▼
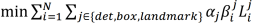 其中,第一项是平方和误差,表示人脸关键点损失函数,第二项是分类任务,采用的是交叉熵误差,第三项即正则项。
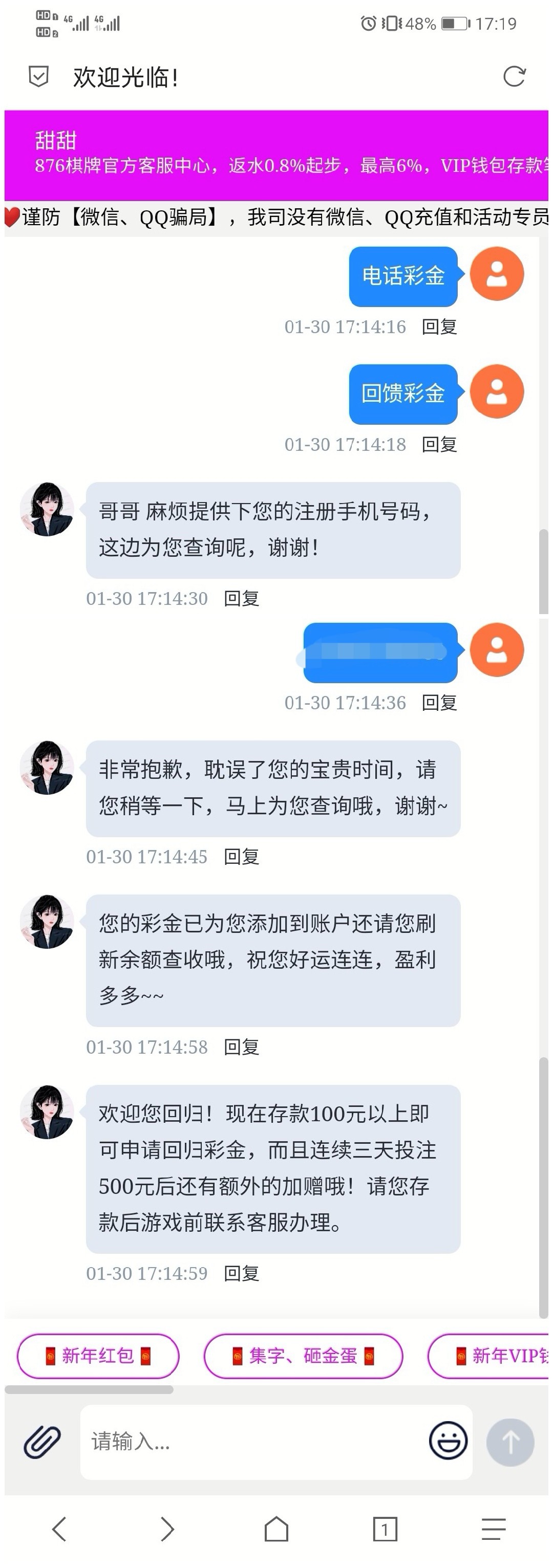 电话彩金 回馈彩金 回访彩金
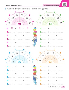 E. Aşağıdaki toplama işlemlerini örnekteki gibi yapalım.
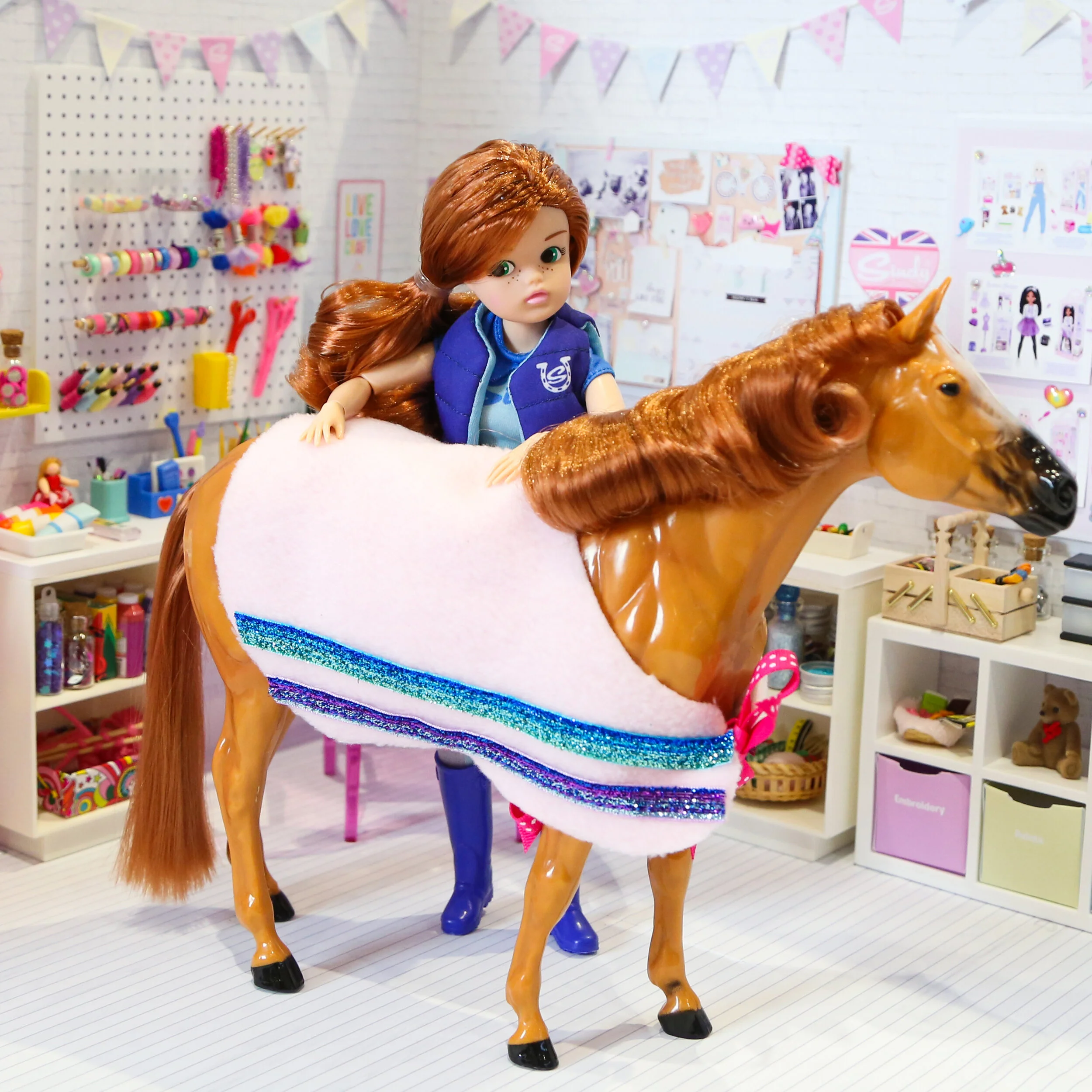 Make a blanket for Sindy’s pony to keep her cosy and warm.
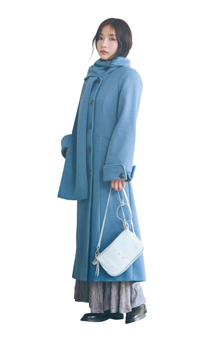 トレンド感満載のマフラーつきロングコート。マフラーはネックの後ろで巻いても、前で垂らしてもOKな優れもの。
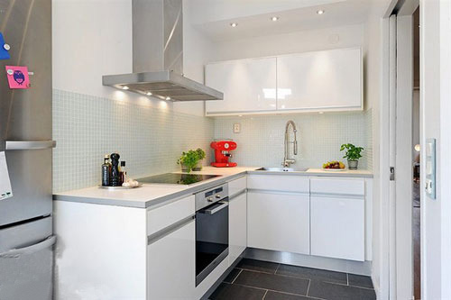 整體廚房裝修效果圖:一字型排列的廚櫃大多為簡單的直線條,橫平豎直的設計風格減少了不必要的裝飾線條,用簡單的直線來強調廚房空間的開闊感。簡約主義的廚房由于其直線型的設計較多,空間感很強,讓人們在其中倍感舒適與清爽。
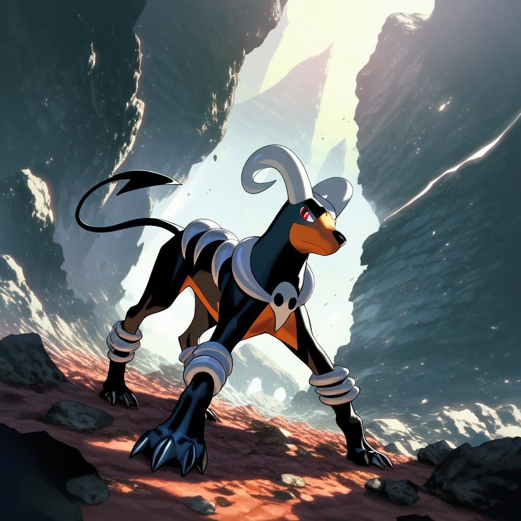 Houndoom, pokemon, no humans, horns, red eyes, black hair, pokemon (creature), claws, by artist koyama hirokazu, animagine
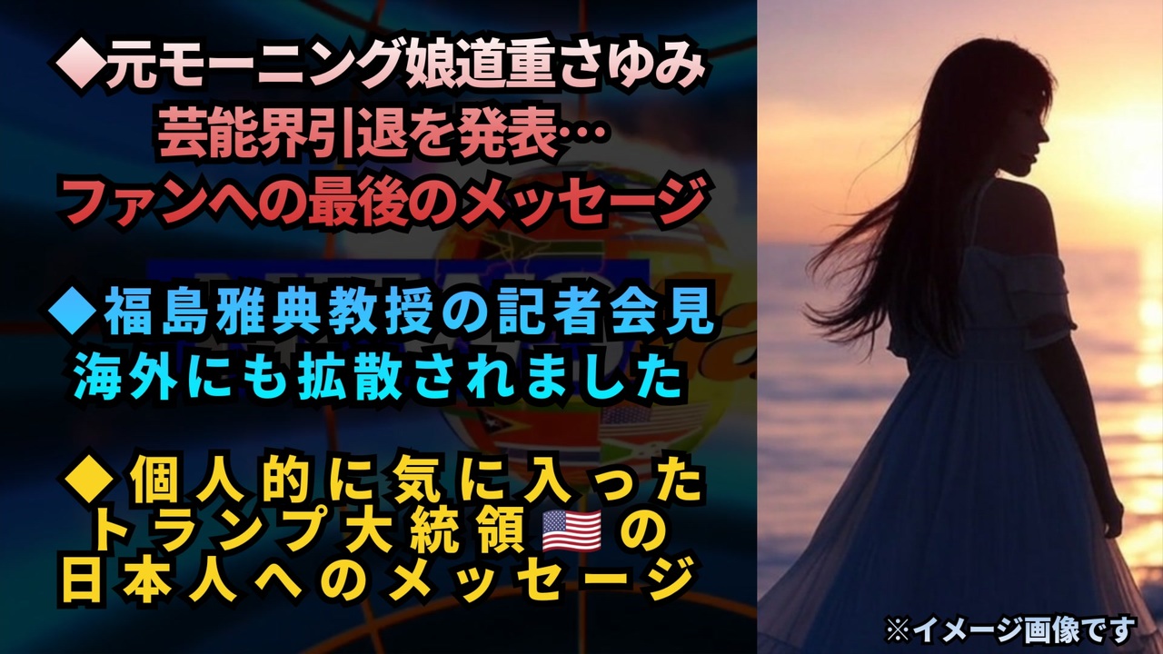 【発表】元モーニング娘。道重さゆみ、芸能界引退<br><a href="https://news.livedoor.com/lite/article_detail/27974556/" target="_blank" rel="noopener nofollow">https://news.livedoor.com/lite/article_detail/27974556/</a><br><br>2003年、モー娘に6期生として加入。2012年から8代目リーダーを務め、2014年に卒業。休業を経て2017年からソロ活動を再開したが、2023年に医師から「強迫性障害」と診断を受け、一部の活動を制限することが発表されていた。<br><a href="https://x.com/livedoornews/status/1880890831105921437?t=FGP44rusQIHfae0JcLxlnA&s=19" target="_blank" rel="noopener nofollow">https://x.com/livedoornews/status/1880890831105921437?t=FGP44rusQIHfae0JcLxlnA&s=19</a><br><br><br>道重さゆみ、芸能界引退を発表<br><br>全文はこちら<br>mdpr.jp/news/4477278<br><br>「皆さんに会えなくなるのは寂しい、皆さんに寂しい思いをさせてしまう、それは休業を経験した私が1番分かっているはずなのに、この選択になってしまったこと、ごめんなさい」<br><br>#道重さゆみ #さゆみん<br><a href="https://x.com/modelpress/status/1880889682332209593?t=J5lIq07DBmt3U0gD9dOA_Q&s=19" target="_blank" rel="noopener nofollow">https://x.com/modelpress/status/1880889682332209593?t=J5lIq07DBmt3U0gD9dOA_Q&s=19</a><br><br><br>日本の記者会見より 実際のデータで「ワクチン接種者の方が感染リスクが高い」ことが判明<br>「私たちは約1,000人のデータを収集し、ワクチン接種者約500人と未接種者約500人に分けました。<br>その上で、慎重にデータを精査し、ワクチン接種者と未接種者を比較した結果、ワクチン接種者の方が感染する確率が高いことがわかりました<br><a href="https://t.co/kBcvetchzp" target="_blank" rel="noopener nofollow">https://t.co/kBcvetchzp</a><br><br><br>極左に支配された自民党が日本人に(Xのユーザー)に敵意をむき出しにしている。NHKを始め日本のフェイクメディアも同じ。後数日でアメリカの大統領に就任しますがイスラエルとハマスの戦いを止めさせた。世界で最も戦争をしていないのがトランプ大統領だ。 <br><br>真面目で、勤勉で、盗みをせず、思いやりと優しさがあり、欲深くなく、礼儀もあり、そんな日本人が幸せになれないのが不憫でならない。<br>トランプ大統領<br><br><a href="https://t.co/BMbEbPjEGT" target="_blank" rel="noopener nofollow">https://t.co/BMbEbPjEGT</a><br><br><br>ワクチン<br>コロナワクチン<br>感染リスク<br>統計データ<br>福島雅典教授<br>情報開示<br>未接種者との比較 <br>接種回数と感染率<br>トランプ大統領<br>道重さゆみ<br>芸能界引退<br><br><br><br />著作権、肖像権に配慮して作成しております。<br><br>◆気になったニュースの台本!?<br>メモ代わりに作った台本をそのままあげてます<br><a href="https://keiichiro8140.hatenablog.com/." target="_blank" rel="noopener nofollow">https://keiichiro8140.hatenablog.com/.</a><br><br><br>ここからはシリーズ紹介<br><br><br>◆ ワクチン解毒・デトックス<br><a href="https://x.gd/fZweg" target="_blank" rel="noopener nofollow">https://x.gd/fZweg</a><br><br>◆ウイリアム・マキス博士のがん治療(イベルメクチン・フェンベンダゾール等)<br><a href="https://x.gd/AtFYS" target="_blank" rel="noopener nofollow">https://x.gd/AtFYS</a><br><br>◆予防接種健康被害救済制度<br><a href="https://x.gd/0xK9x" target="_blank" rel="noopener nofollow">https://x.gd/0xK9x</a><br><br>◆気になったニュース #1501~<br><br>◆ 【ショートver】気になったニュース<br><a href="https://x.gd/7MxXC" target="_blank" rel="noopener nofollow">https://x.gd/7MxXC</a><br><br>◆ 気になったニュース #1001~<br><a href="https://x.gd/Lp8gv" target="_blank" rel="noopener nofollow">https://x.gd/Lp8gv</a><br><br>◆ 気になったニュース #501~<br><a href="https://x.gd/EmbS4" target="_blank" rel="noopener nofollow">https://x.gd/EmbS4</a><br><br>◆ 気になったニュース #1~#500<br><a href="https://x.gd/uPhNb" target="_blank" rel="noopener nofollow">https://x.gd/uPhNb</a><br><br>◆ X(旧Twitter)・テレグラムで気になった情報<br><a href="https://x.gd/YG6FT" target="_blank" rel="noopener nofollow">https://x.gd/YG6FT</a><br><br>◆ 日比谷5万人パレードデ⚪生放送アーカイブ動画<br><a href="https://x.gd/3CHJv" target="_blank" rel="noopener nofollow">https://x.gd/3CHJv</a><br><br>◆日比谷5万人パレード⚪モのマイリスト作ってみました<br><a href="https://nico.ms/mylist/76828848?ref=sp_other" target="_blank" rel="noopener nofollow">https://nico.ms/mylist/76828848?ref=sp_other</a><br><br>◆3.30 令和の百姓⚪⚪<br><a href="https://www.nicovideo.jp/series/511791?ref=garage_share_other" target="_blank" rel="noopener nofollow">https://www.nicovideo.jp/series/511791?ref=garage_share_other</a><br><br>◆ 及川幸久さんの【XNEWS】シリーズ<br><a href="https://x.gd/3k78K" target="_blank" rel="noopener nofollow">https://x.gd/3k78K</a><br><br>◆これまでの動画<a href="https://x.gd/sPXoJ" target="_blank" rel="noopener nofollow">https://x.gd/sPXoJ</a><br><br>◆もしも(BAN)の時のためのマイリンク集<a href="https://lit.link/K-16_News44" target="_blank" rel="noopener nofollow">https://lit.link/K-16_News44</a><br><br>
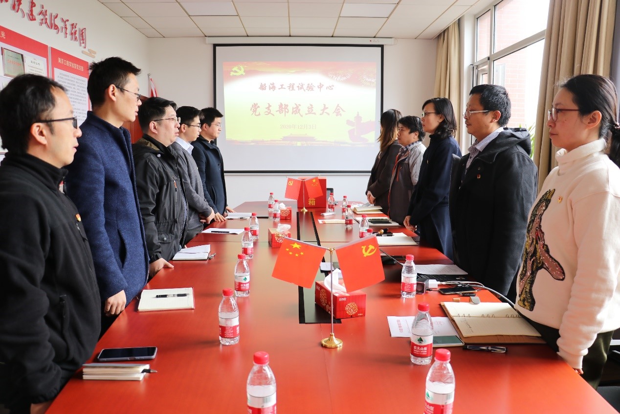 2020年12月3日中午,船海工程试验中心党支部成立大会暨第一次党员大会在海洋深水试验池党员活动室隆重举行,船建学院党委书记周薇、党委副书记王喜芳出席会议,船海工程试验中心党支部全体党员到会,会议由党员大会召集人李俊主持。党员活动室内气氛分外热烈、同志们胸前的党徽熠熠生辉,支部成立大会在雄壮的国歌声中开始。
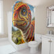 Esta cortina de ducha tiene un dinosaurio.
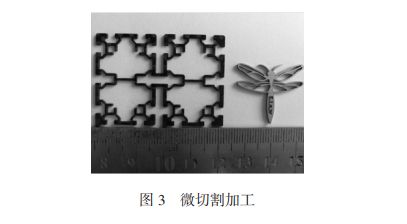 微切割是在水切割工艺基础上的又一派生,它专门针对薄板材料、复合材料和稀贵金属材料的精细加工,强调切缝趋于零(即切割后的组合尺寸与切割前无大变化)和超高精度加工,尤其对锐角、窄边和复杂图案的切割。微切割的工作量不大,也没有切割速度要求,但要想很好的完成微切割加工,针对不同材料有以下 2 种工艺路线:(1)精细磨料射流,即在高端超高压射流基础上,采用 150 目以上的精细磨料,射流喷嘴和流量都将进一步降低;(2)纯水射流,即在 450 MPa 甚至更高的超高压射流基础上,采用纯水射流以 3 倍以上超音速射流作业。微切割的精度目标:磨料射流复现性精度±0.01 mm;纯水射流线性精度 ±0.067 mm/min,切割速度 10000 mm/min。图 3 所示为微切割加工实例。
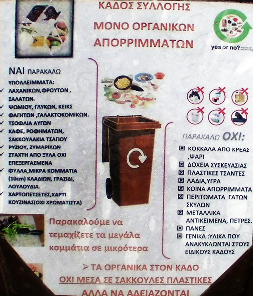 | Οι οδηγίες πάνω στον κάδο για σωστή κομποστοποίηση |
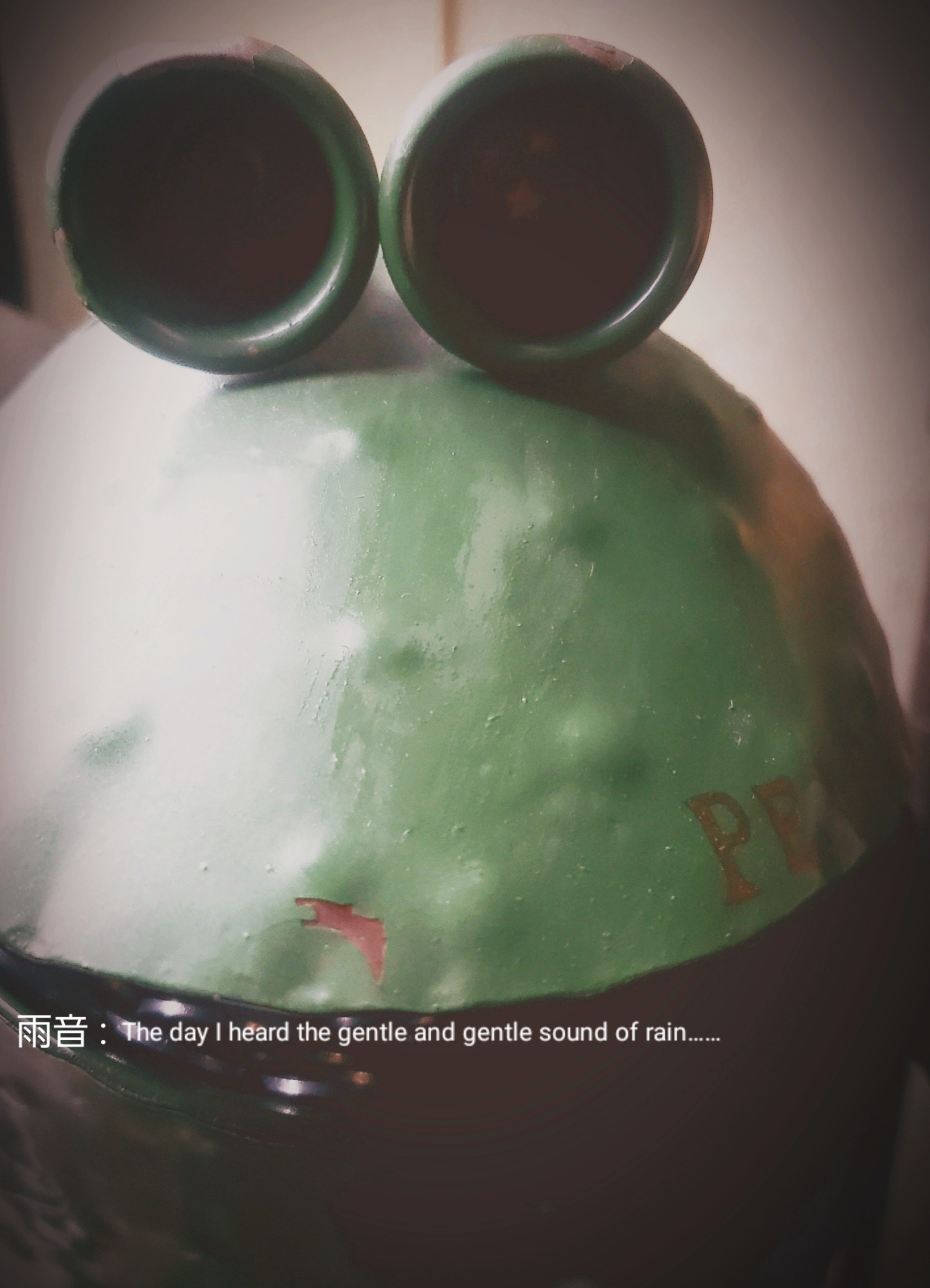 At the entrance of my house, the frog PEACE continues to see me off every day.
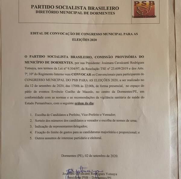 As movimentações políticas darão o tom neste sábado (12) em Dormentes (PE), Sertão do São Francisco, com a convenção municipal do Partido Socialista Brasileiro (PSB), marcada para este sábado (12), a partir das 17h, no Pátio de Eventos Ervécio Coelho de Macedo. Da legenda faz parte atualmente a prefeita Josimara Cavalcanti, que tentará renovar o mandato nas eleições deste ano.
▲
## REQUIRED ACTION
Pictures are to be omitted from the copy, and only the lines from the one containing "σωστή κομποστοποίηση |" through the final line of the listing above are to be written out exactly.

## COMPLETED TASK
 | Οι οδηγίες πάνω στον κάδο για σωστή κομποστοποίηση |
 At the entrance of my house, the frog PEACE continues to see me off every day.
 As movimentações políticas darão o tom neste sábado (12) em Dormentes (PE), Sertão do São Francisco, com a convenção municipal do Partido Socialista Brasileiro (PSB), marcada para este sábado (12), a partir das 17h, no Pátio de Eventos Ervécio Coelho de Macedo. Da legenda faz parte atualmente a prefeita Josimara Cavalcanti, que tentará renovar o mandato nas eleições deste ano.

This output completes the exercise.